Nana Patekar's cook on fast

Cousins grabbed property by declaring him dead, now he has to prove he is alive

GN Bureau | February 3, 2012



A 32-year-old man quit the job of a cook with film actor Nana Patekar in Mumbai and is on dharna at Jantar Mantar here since January 9 to prove that he is alive, sitting with a placard in Hindi which reads: "Main zinda hun." His struggle is to retrieve his 12.1 acres of land in Chittoni village in Varanasi district that was usurped by his cousins declaring him as dead.

Santosh Singh says he has written to the president, the prime minister, the UP chief minister, Varanasi district collector and the National Human Rights Commission about the false records but got no relief. He wanted to more the High court but had no money to hire an advocate.

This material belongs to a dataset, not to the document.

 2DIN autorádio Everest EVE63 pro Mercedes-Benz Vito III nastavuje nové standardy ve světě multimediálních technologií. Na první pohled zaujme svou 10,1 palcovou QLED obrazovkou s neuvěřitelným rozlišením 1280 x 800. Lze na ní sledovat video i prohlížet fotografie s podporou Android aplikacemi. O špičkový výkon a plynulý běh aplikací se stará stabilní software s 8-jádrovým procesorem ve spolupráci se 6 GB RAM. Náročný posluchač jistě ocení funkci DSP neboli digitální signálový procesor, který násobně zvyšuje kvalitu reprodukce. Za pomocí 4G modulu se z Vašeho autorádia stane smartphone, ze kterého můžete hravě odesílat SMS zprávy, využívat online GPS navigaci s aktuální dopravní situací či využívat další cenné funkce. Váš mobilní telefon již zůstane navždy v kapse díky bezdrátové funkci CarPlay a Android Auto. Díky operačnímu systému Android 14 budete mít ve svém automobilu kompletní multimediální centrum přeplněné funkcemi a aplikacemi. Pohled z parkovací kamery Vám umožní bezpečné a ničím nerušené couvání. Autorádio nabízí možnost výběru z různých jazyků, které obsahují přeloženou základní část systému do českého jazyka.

He has permission from police to stage dharna at Jantar Mantar, the protest venue near the parliament house, for only eight hours, though he spends whole of the day on the footpath there with only a blanket to protect from the bitter cold and free cups of tea from the street vendors, except when he goes to a nearby Gurdwara to have a free meal in the langar.

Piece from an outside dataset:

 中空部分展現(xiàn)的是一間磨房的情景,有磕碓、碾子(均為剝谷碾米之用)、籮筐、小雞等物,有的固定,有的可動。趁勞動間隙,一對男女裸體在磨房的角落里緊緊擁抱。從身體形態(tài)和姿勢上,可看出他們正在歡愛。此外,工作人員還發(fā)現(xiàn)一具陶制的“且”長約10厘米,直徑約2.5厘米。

CASTE VICTIM: Santosh claims he was out-casted for falling in love and marrying a dalit girl in Mumbai in 2003 and as it happens in such cases in Uttar Pradesh, the villagers refused to recognise him after cousins got his name removed from the land records as "dead" to grab his property.

He does not want Nana Patekar to get involved in his case as he says the actor has already helped him a lot. It was back in 2000 that Nana went to his village to shoot the film 'Aanch,' when the unemployed Santosh approached him for a job. Nana took him as a cook in his house.

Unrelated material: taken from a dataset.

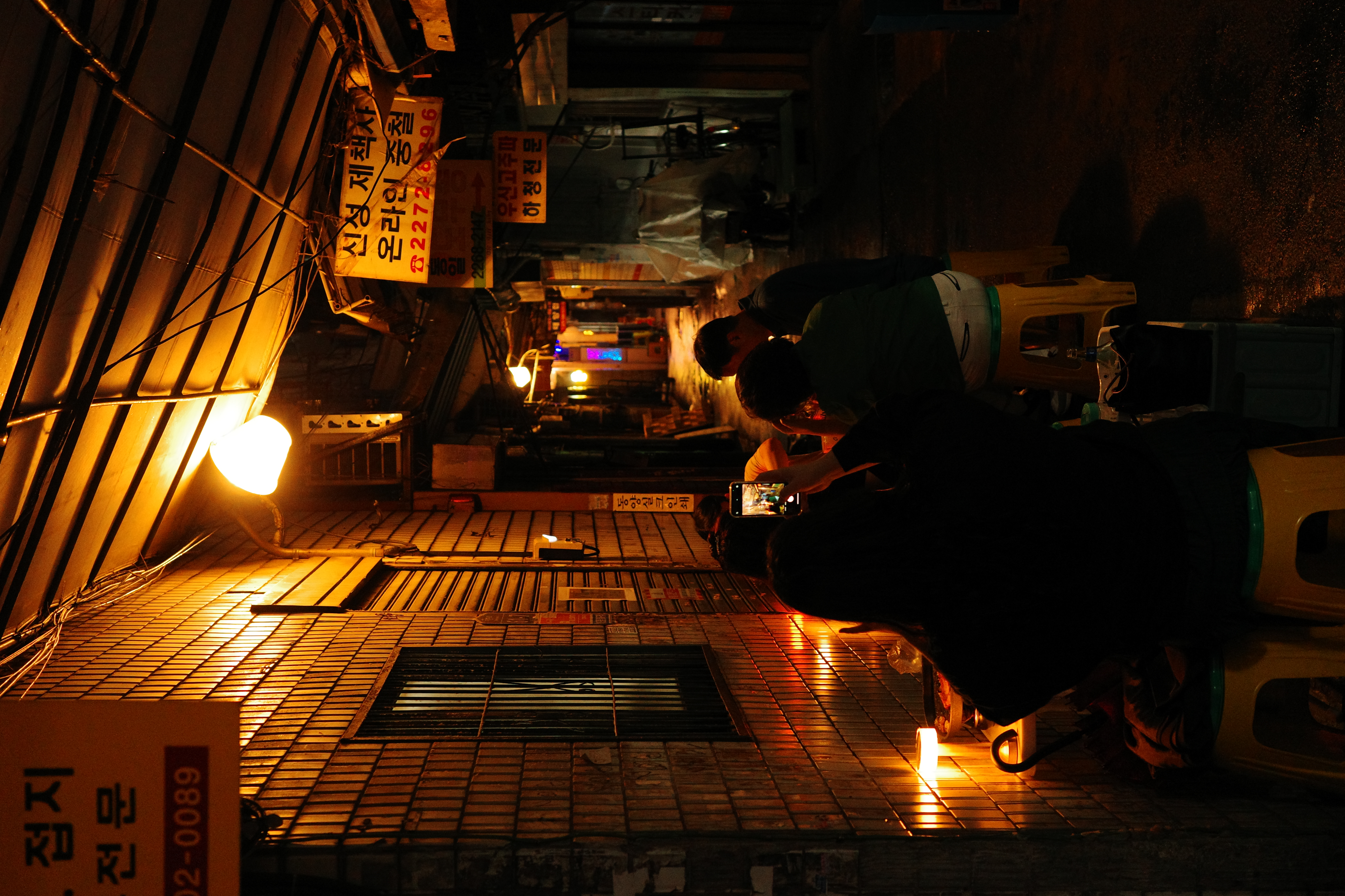 을지로의 어느 골목, 지나간 야장의 계절을 표현했습니다.

Santosh says his cousins keep threatening him to kill with the police help to make him really "dead," and recalls how they used the police contacts to get him locked in Virar Jail at Nala Supara in Mumbai for two days and tortured by a sub-inspector. "I can never forget that inspector who beat me so badly. He even branded my hands with a hot iron and warned me of dire consequences if I continued to protest."